23. С помощью этого метода было впервые проведено редактирование генома in vivo

1) CRISPR-Cas9;
2) TALEN;
3) ZFN;+
4) c помощью мегануклеаз.

24. С помощью этого метода в 2003 году было впервые проведено редактирование генома в животной клетке

1) CRISPR-Cas9;
2) TALEN;
3) ZFN;+
4) c помощью мегануклеаз.

25. Система CRISPR-Cas9 не применяются для

1) дифференциальной диагностики значимых заболеваний;+
2) нокаута генов-мишеней;
3) создания генномодифицированных лабораторных животных;
4) создания индуцированных плюрипотентных стволовых клеток.

26. Спейсер — это

1) CRISPR-ассоциированный протеин;
2) конститутивная часть мишени ДНК, короткая последовательность 2-5 нуклеотидов, прилегающая к протоспейсеру;
3) повторяющиеся фрагменты генетического кода, обнаруженные у бактерий;
4) участок направляющей РНК, который комплементарен фрагменту мишени ДНК.+

27. Тип генетической рекомбинации, во время которой происходит обмен нуклеотидными последовательностями между двумя идентичными хромосомами

1) гомологичная рекомбинация;+
2) негомологичная рекомбинация;
3) незаконная рекомбинация;
4) сайт-специфическая рекомбинация.

28. Экзон — это

1) аминокислотная последовательность, регулирующая метилирование гистонов;
2) нуклеотидная последовательность, которая кодирует информацию о последовательности аминокислот;+
3) последовательность нуклеотидов ДНК, узнаваемая РНК-полимеразой как стартовая площадка для начала транскрипции;
4) участок ДНК, копии которых удаляются из первичного транскрипта и отсутствуют в зрелой РНК.

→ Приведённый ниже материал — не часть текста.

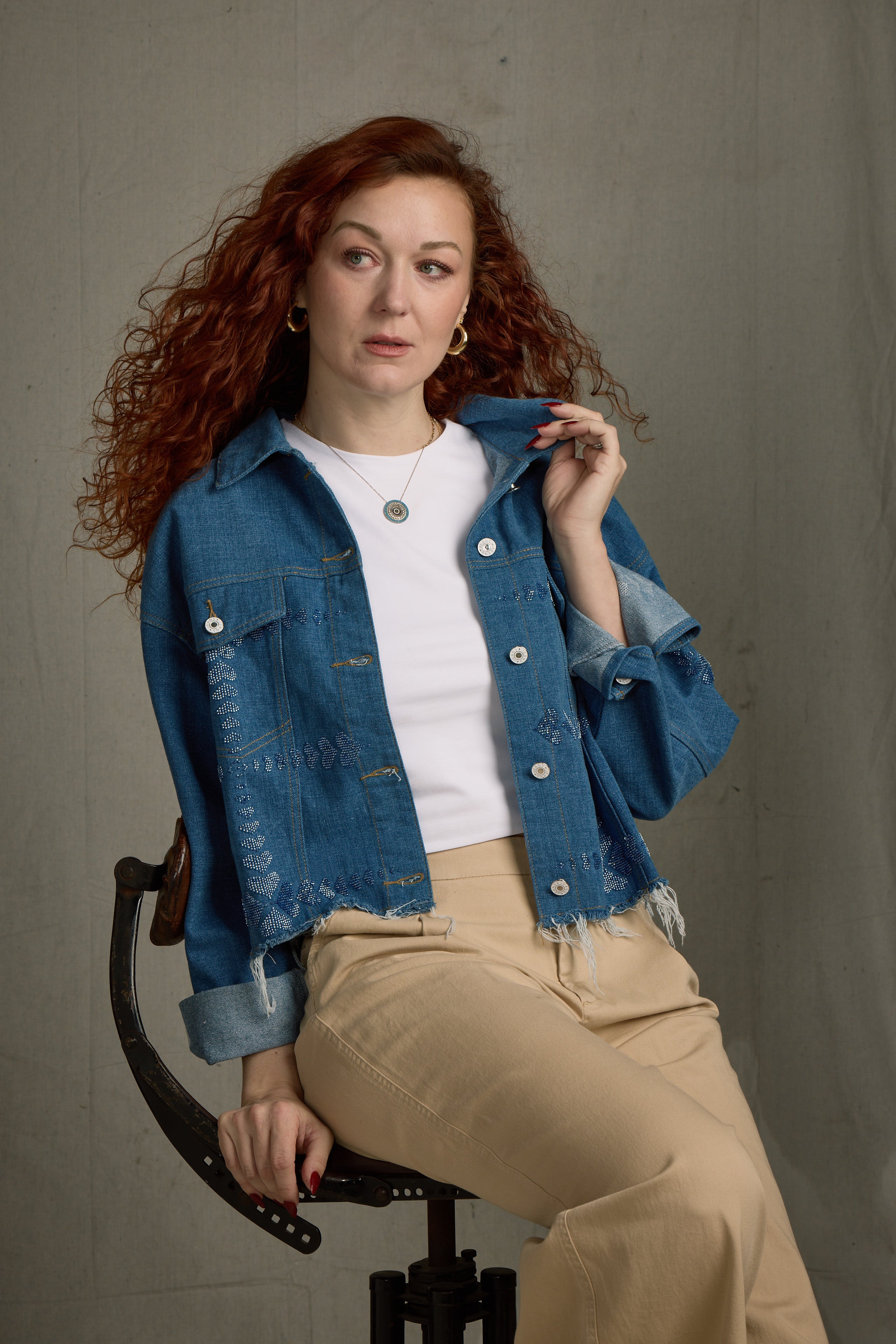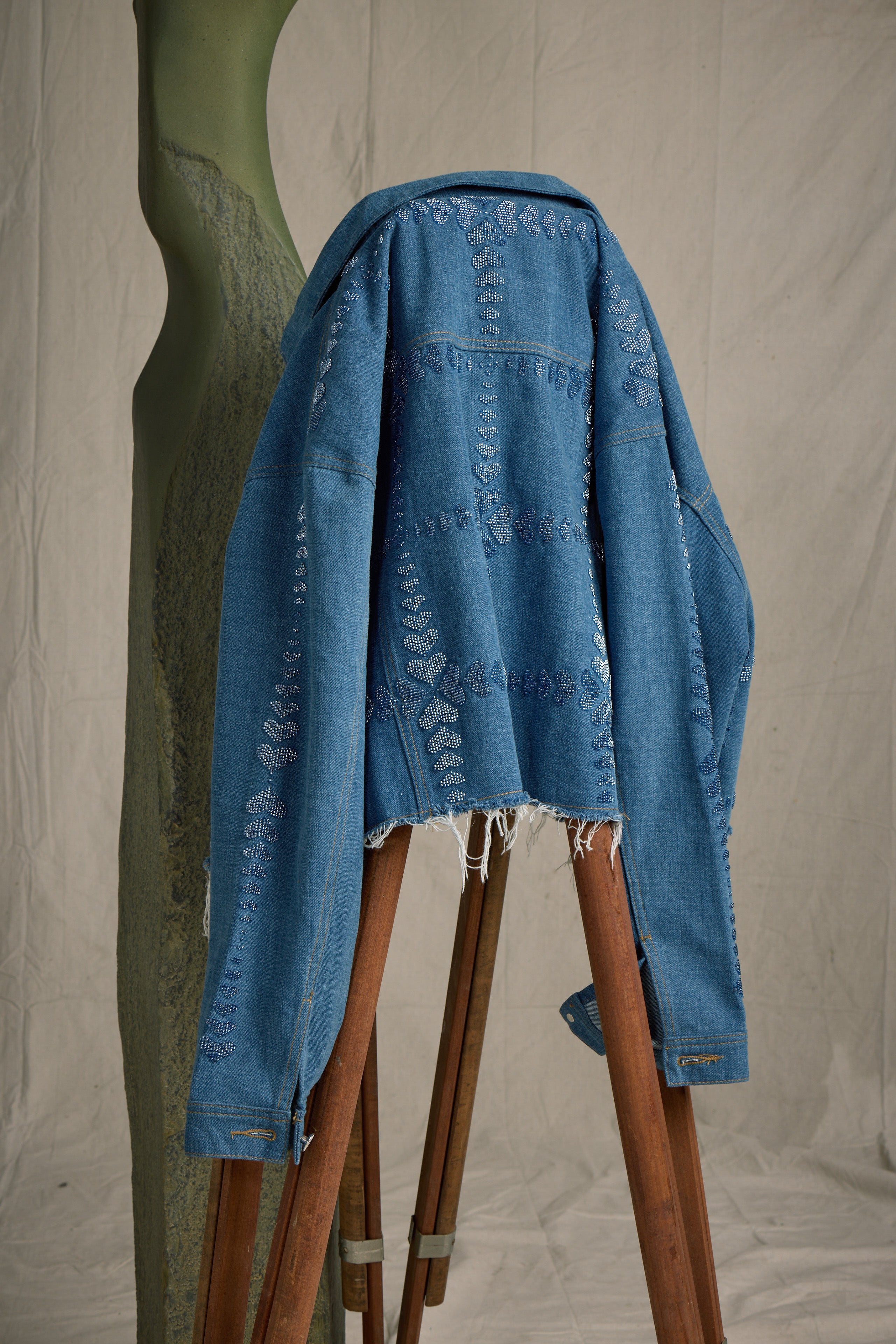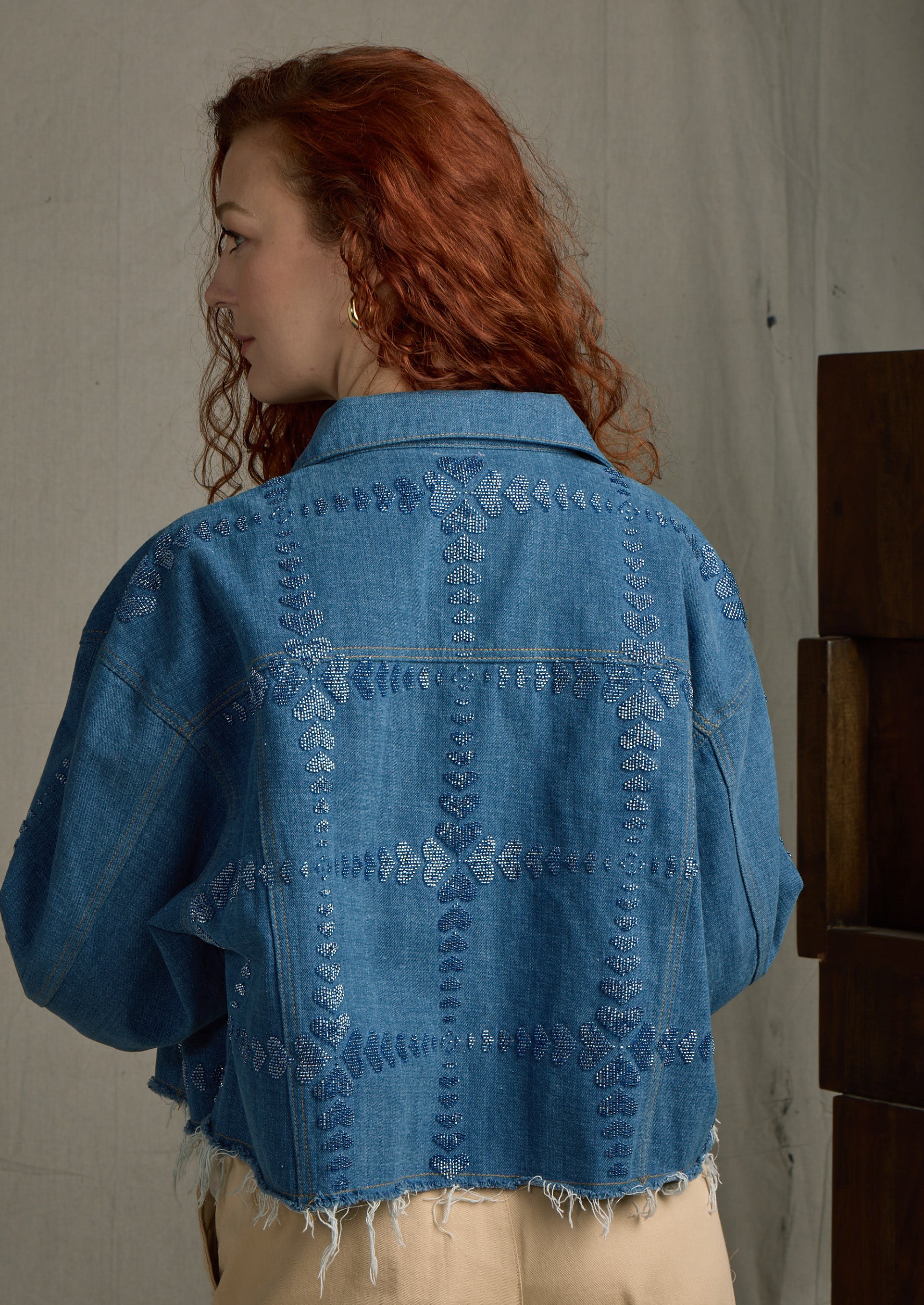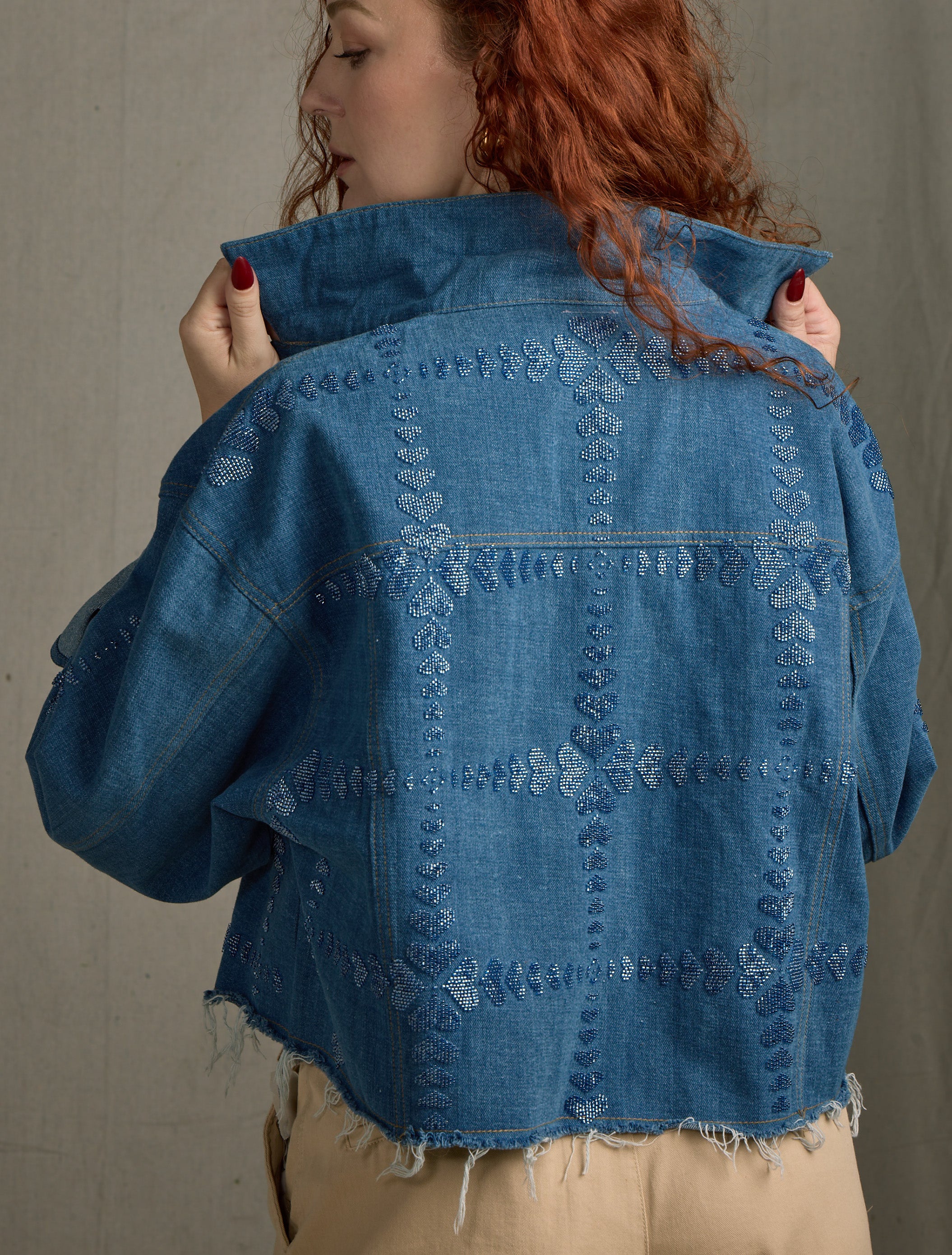 The Queen of Hearts jacket is a timeless statement piece, meticulously crafted from 100% cotton denim in a luxurious Denim/Denim color. With beaded heart design on front, back, and down the sleeve. This oversized, boxy jacket features dolman sleeves for a relaxed, flattering fit. The raw edge at the bottom adds a modern touch, elevating its edgy yet refined aesthetic. This jacket combines artistry and sophistication. Whether you're looking to elevate your casual wardrobe or make a bold, fashionable statement, the Queen of Hearts jacket will add a touch of elegance and charm to any outfit.

29. Эндонуклеазная активность у Zn-зависимые нуклеаз обеспечивается

1) Cas-зависимым доменом;
2) FokI-эндонуклеазным доменом;+
3) SH2-эндонуклеазным доменом;
4) Zn-зависимым доменом.

30. Эффект off-target — это

1) изменение последовательности ДНК с помощью «генетических ножниц»;
2) неспецифическое встраивание последовательности ДНК в геном;+
3) низкая эффективность процесса гомологичной рекомбинации;
4) увеличение специфичности встраивания последовательностей в геном-хозяина.

Специальности для предварительного и итогового тестирования:

Аллергология и иммунология, Клиническая лабораторная диагностика, Медицинская биофизика, Медицинская биохимия, Медицинская кибернетика.